Berbagai cara ditempuh agar pertandingan tidak kehilangan greget. Tak bisa ditolak, memutar roda kompetisi tanpa penonton harus dijalani demi mencegah kerugian lebih dalam bagi klub, pengiklan, broadcaster juga stakeholder liga Inggris.
Agar atmosfer show tetap hidup di layar kaca sejumlah inovasi ditawarkan para broadcaster pemegang hak siar Liga Inggris.
Mulai dari usulan wawancara pemain saat paruh waktu, menambah kamera di locker room, menambah mikrofon di beberapa sudut dan angle kamera, hingga akan memutar efek suara suara suporter di stadion yang diambil dari game FIFA 20.

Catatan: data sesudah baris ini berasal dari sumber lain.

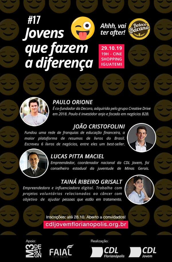De acordo com o coordenador-geral da CDL Jovem de Florianópolis, Thiago Jasper, o “Jovens que fazem a diferença” é o principal evento do ano para os empresários. “Compartilhar histórias de sucesso é o diferencial do encontro para inspirar e motivar novas lideranças”, comenta.

Tujuannya satu, menjaga atmosfer pertandingan. Menolak laga yang sunyi sebab semua akan digelar tertutup atau tanpa sorak sorai penonton di tribun.
Hingga 11 Juni 2020, sejumlah usulan sudah dipastikan ditolak. Tapi ada juga yang diterima. Salah satunya kehadiran microfon tambahan yang akan menghadirkan suara koin saat di toss jelang kickoff.
Liverpool Kembali Juara?
Siapa yang rindu Liverpool juara? Menyaksikan The Reds meraih gelar pertama sepanjang era Premier League? Mengakhiri kutukan “next season” yang kerap jadi bully-an yang menyesakkan bagi para Liverpudlian.
Suka tidak suka, teka-teki kapan Liverpool berpesta karena meraih gelar ke-19 Liga Inggris jadi salah satu drama yang dinanti penggemar Premier League.
Dan sepertinya musim ini, kutukan “next season” bakal berakhir. Sebab skuad asuhan Jurgen Klopp hanya butuh dua kemenangan.
Sudah terlalu lama penantian mereka. Terakhir juara liga tahun 1990 atau 30 tahun!
Telah menjalani 29 laga dan mengoleksi 82 poin, Mohammed Salah dan teman-temannya unggul 25 poin dari peringkat kedua Manchester City.
Dengan fakta itu, hampir mustahil The Reds kesandung lagi. Diprediksi pesta Liverpudlian akan terwujud 22 Juni mendatang. Dalam derby Merseyside kontra Everton.
Atau jika sedikit tertunda, titel masih bisa disegel kala menjamu Crystal Palace 25 Juni 2020.
Pada akhirnya, penggila Liga Inggris akan kembali menyaksikan liga kesayangan mereka pada 17 Juni 2020. Lanjutan liga akan menghadirkan laga Aston Villa kontra Sheffield United.